**Extracted information:**
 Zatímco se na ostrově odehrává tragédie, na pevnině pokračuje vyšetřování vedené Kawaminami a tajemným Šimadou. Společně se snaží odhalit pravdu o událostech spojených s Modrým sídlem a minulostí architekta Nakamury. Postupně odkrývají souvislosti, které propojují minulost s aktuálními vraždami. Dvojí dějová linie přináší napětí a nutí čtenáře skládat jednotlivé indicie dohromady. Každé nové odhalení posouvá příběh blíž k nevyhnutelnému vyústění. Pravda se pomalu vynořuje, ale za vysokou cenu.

---

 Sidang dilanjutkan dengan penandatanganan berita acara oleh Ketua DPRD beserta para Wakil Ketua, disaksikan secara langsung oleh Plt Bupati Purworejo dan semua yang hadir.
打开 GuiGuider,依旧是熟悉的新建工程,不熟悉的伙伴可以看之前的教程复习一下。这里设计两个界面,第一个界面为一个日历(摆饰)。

**Task instructions:**
Every line above from the line with "Sidang dilanjutkan dengan" to the line with "打开 GuiGuider,依", both included, must be reproduced exactly, and no other line may appear.

**Written response:**
 Sidang dilanjutkan dengan penandatanganan berita acara oleh Ketua DPRD beserta para Wakil Ketua, disaksikan secara langsung oleh Plt Bupati Purworejo dan semua yang hadir.
打开 GuiGuider,依旧是熟悉的新建工程,不熟悉的伙伴可以看之前的教程复习一下。这里设计两个界面,第一个界面为一个日历(摆饰)。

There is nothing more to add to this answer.